The role of the independent sector in the provision of elective care has been brought into the spotlight by rising pressures of the NHS and growing waiting lists. Our analysis aims to contribute to existing work undertaken by the Health Foundation investigating the landscape of independent sector healthcare services.
The Health Foundation found an increasing proportion of care is delivered by the independent sector; this varies by specialitiy and is highest in T&O, GI and ophthalmology. Treatment rates in all specialities are not achieving the 30%-increase target set to address the backlog of care. The Health Foundation suggests uptake in the independent sector is matching the reductions in NHS provided care. It was also found that the independent sector share of provision varies regionally and by deprivation measures.
We aim to further the above analysis by utilising patient-level inpatient and outpatient data to more closely examine trends in independent sector care. Given the above findings, we will focus on ophthalmology and orthopaedic care, presenting our findings by demographics, geographically and by procedure.
In an exploratory fashion, we will present the changing market share of independent care in elective ophthalmic and orthopaedic services. We will be guided by our preliminary findings starting by assessing patterns in national data developing on to consider local findings.
We gathered acute inpatient and outpatient data via the
Secondary Uses Services (SUS) dataset, accessed through the National
Commissioning Data Repository (NCDR) platform. To capture the
pre-pandemic context, we limit our data to the years 2017 through to
2022. We count completed inpatient admissions or outpatient attendances
filtered to only include non-emergency contacts with selected Healthcare
Resource Group (HRG) codes.
The HRG code describes the content of an admission in terms of resource required and is linked to the of commissioning care. We use commissioning codes rather than procedure codes because data completeness is preferable and they offer the suitable level of granularity for data processing and presentation of findings. All HRG codes were updated to their corresponding code in the most recent HRG version. The activity we captured was linked to the following HRG codes (right).
Data was accessed at a national level with local feilds included to indicate the patient’s ICS and local authority of residence. Similarly, the low level geography (LSOA) of the patient was included to link to the Index of Multiple Deprivation (IMD) to assign each admission to a deprivation decile (1 = most deprived 10% of the population, 10 = the most affluent 10% of the population).

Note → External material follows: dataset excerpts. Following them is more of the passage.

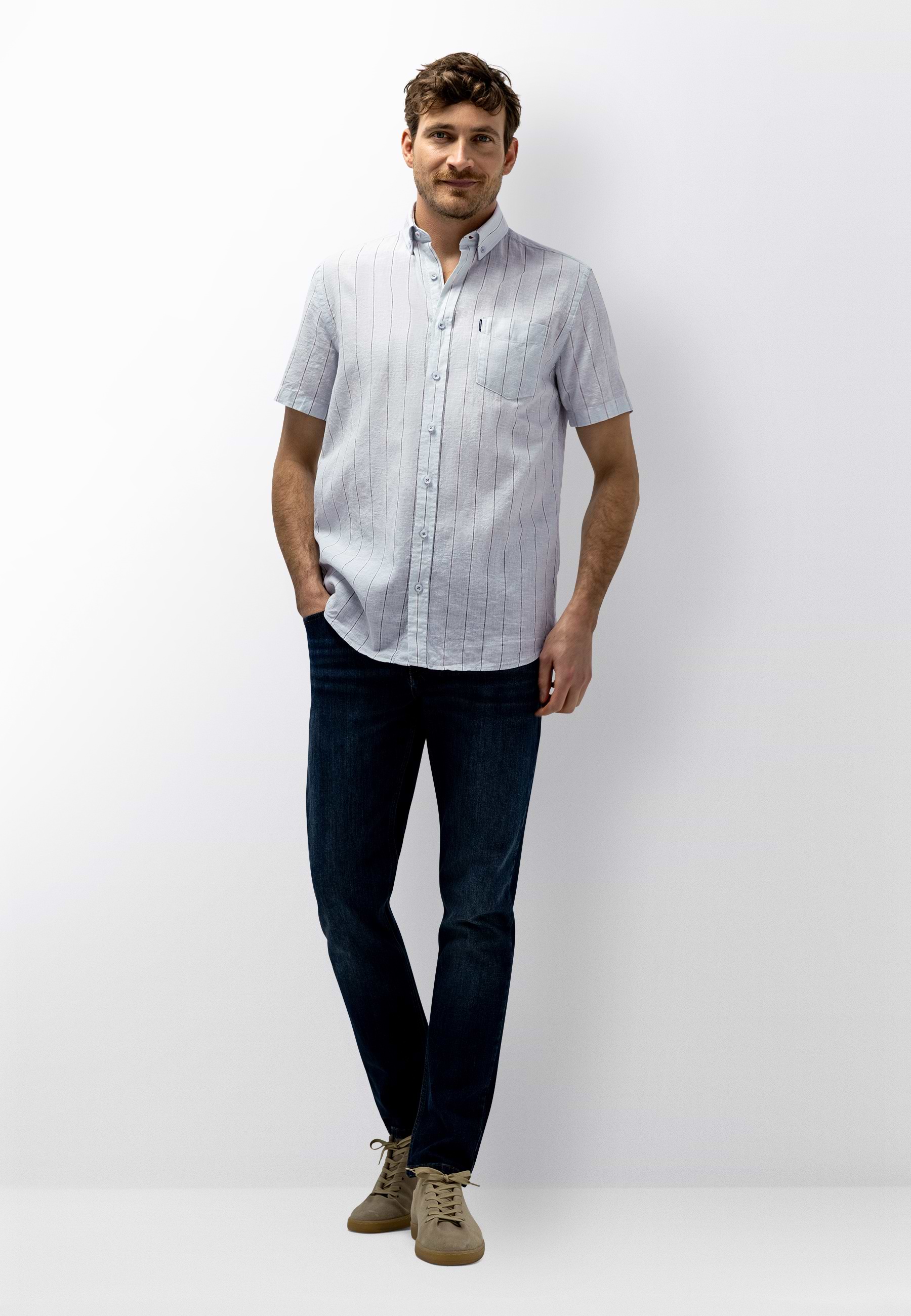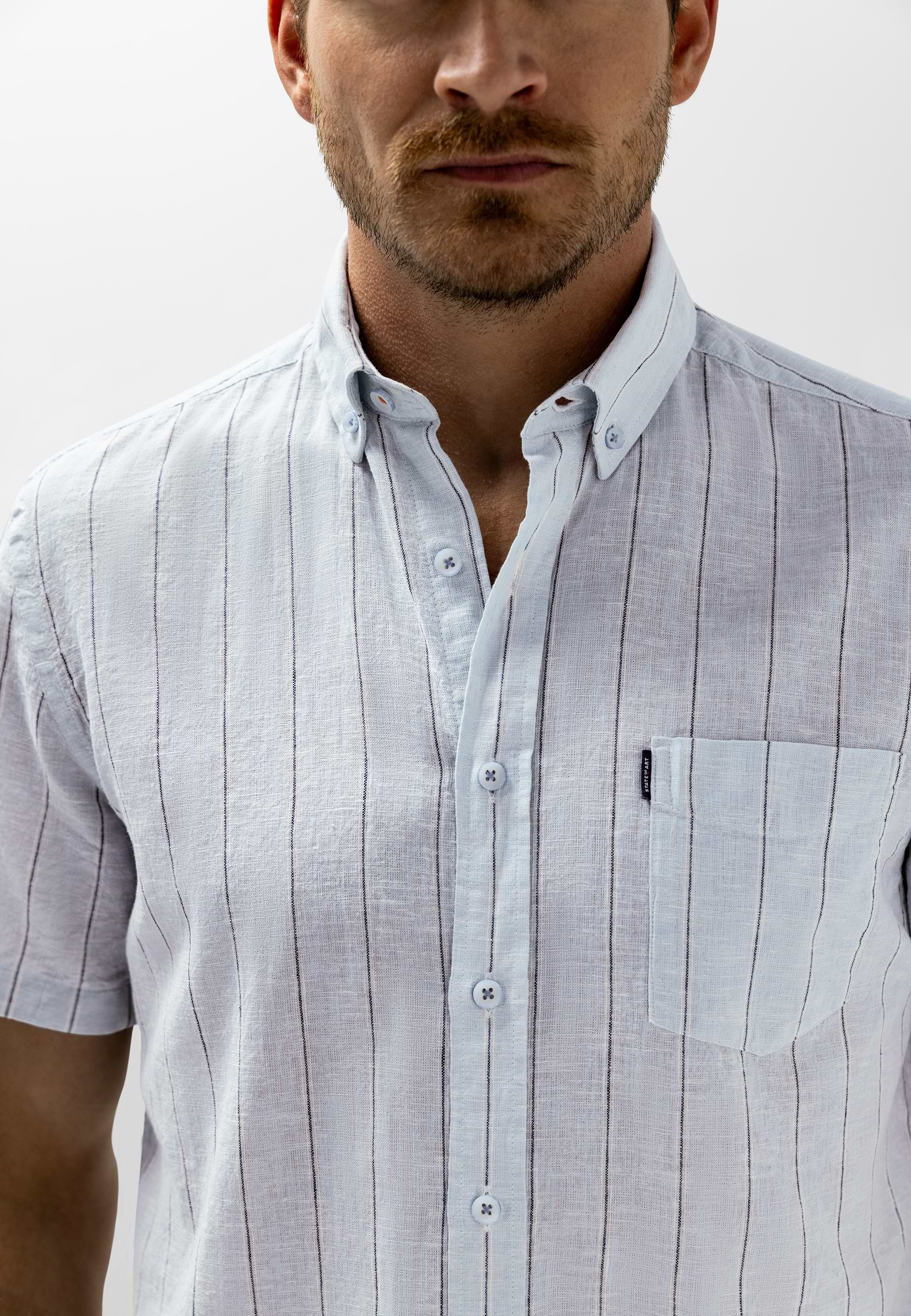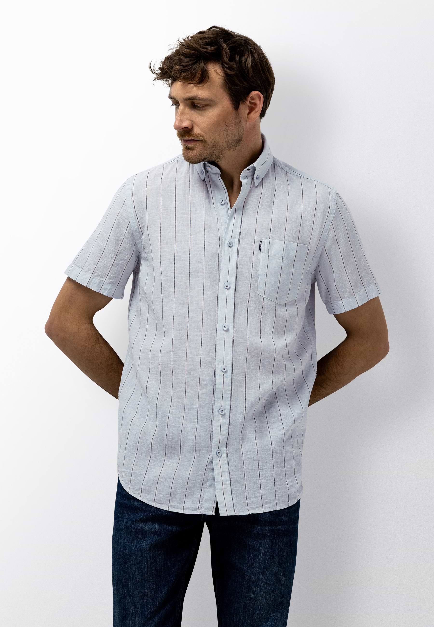 Dit overhemd met korte mouwen heeft een regular fit en is uitgevoerd in een luchtige mix van linnen en katoen, wat zorgt voor een licht en comfortabel draaggevoel. De yarn-dyed strepen geven het ontwerp een levendige uitstraling en een verfijnd karakter. De button-downkraag en borstzak zorgen voor een klassieke en verzorgde afwerking.
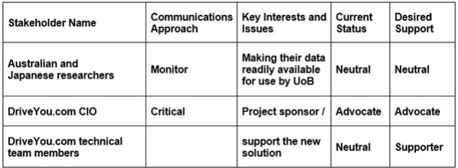After the business case is approved and a project is initiated, the project manager needs to create a stakeholder communication plan to implement the change. Here is an extract from the plan:
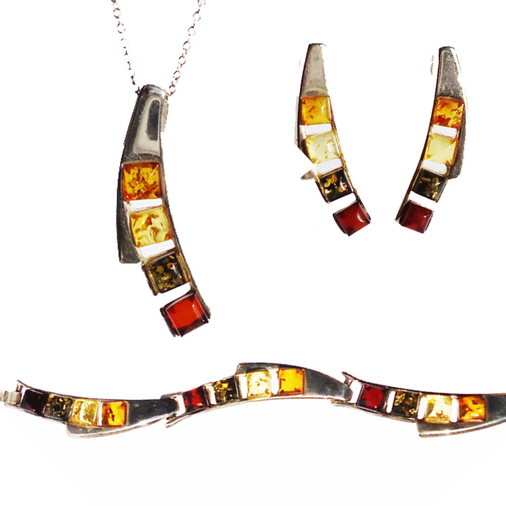 Eye-catching sterling silver 925 fittings and small square multicolour baltic amber bracelet. Amber is smoothly polished to show off the natural content and shine. Also we are very pleased to be able to offer the matching necklace-pendant or earrings.
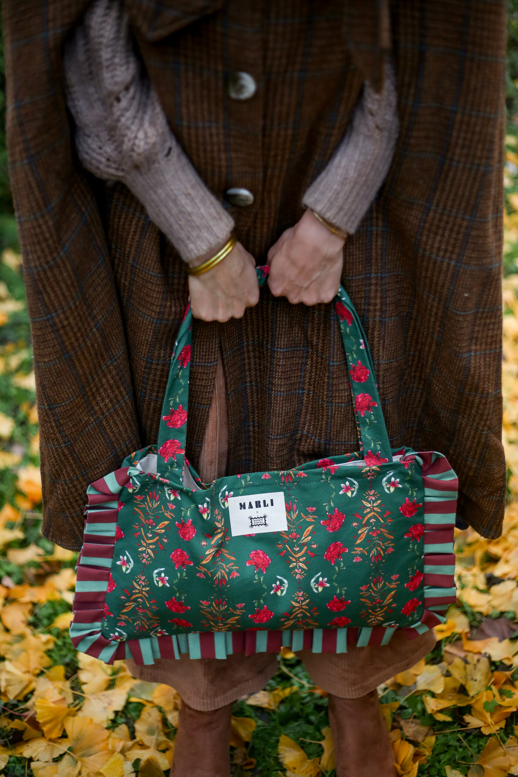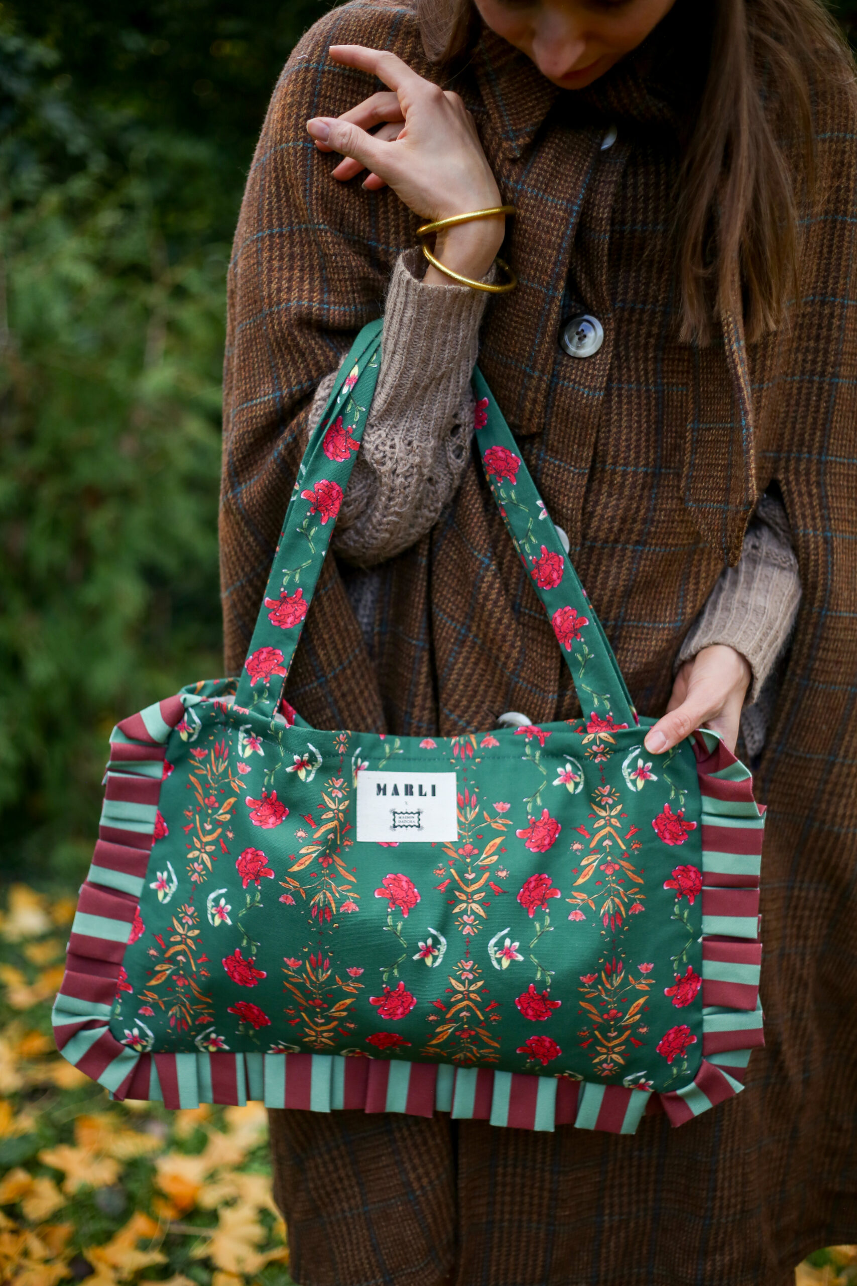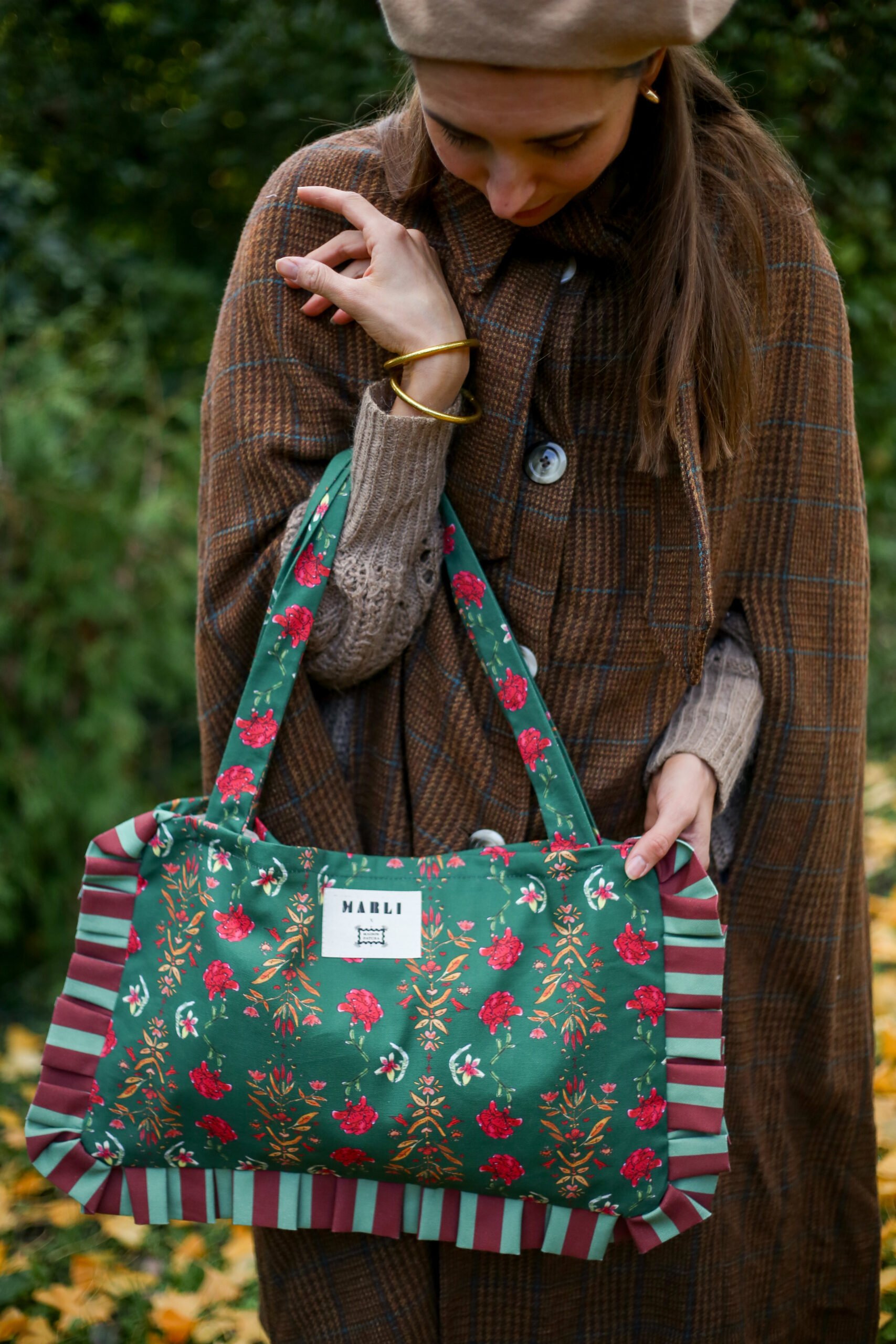 Cabas froufrou Anastasia – Motif fleuri vert sapin

The SUS data contains only NHS-funded care. We identified the sector in which the care was delivered by assessing the ODS provider type, linked to site (hospital/care centre) in which the care occurred. We compare the rate of NHS-funded care delivered in NHS sites to NHS-funded care delivered in independent sector sites. Limitations of our data dictate that we do not count any privately funded care, regardless of site of delivered.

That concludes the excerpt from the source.